[EXERCISE PROMPT]: Return verbatim the lines that run from the one holding "НЕТ089Найди значение выражения 64 – (60 + 4)" to the end of the listing, both ends included, without the pictures.

[INPUT DATA]:
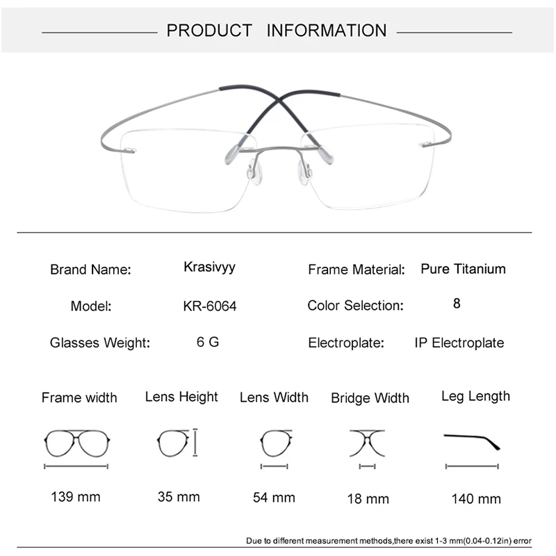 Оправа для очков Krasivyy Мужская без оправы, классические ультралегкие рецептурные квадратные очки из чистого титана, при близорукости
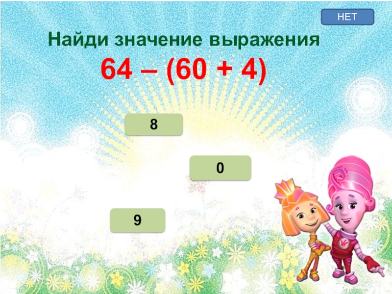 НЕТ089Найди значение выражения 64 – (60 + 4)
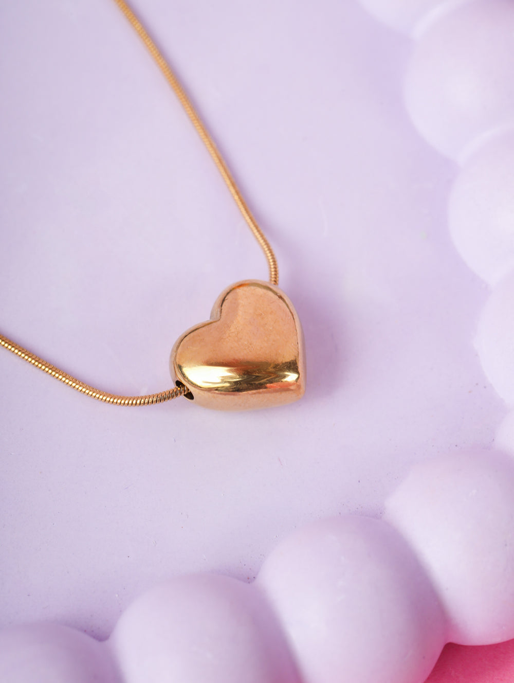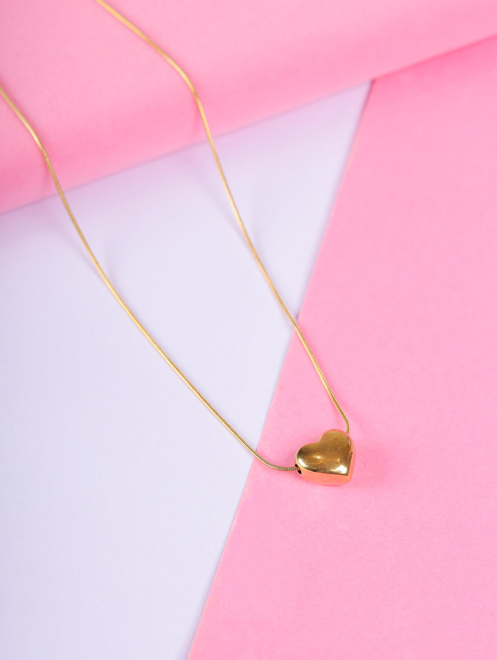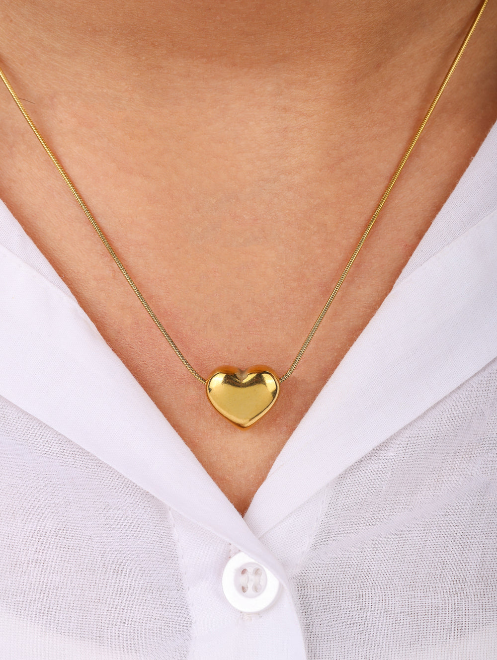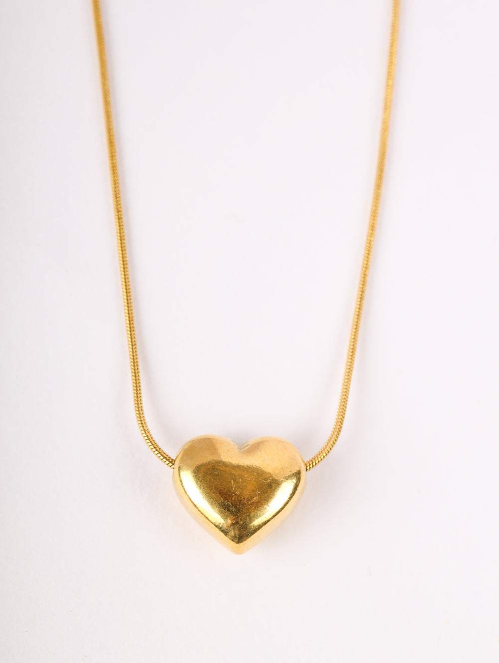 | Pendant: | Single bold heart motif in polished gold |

[ANSWER AREA]:
 НЕТ089Найди значение выражения 64 – (60 + 4)
 | Pendant: | Single bold heart motif in polished gold |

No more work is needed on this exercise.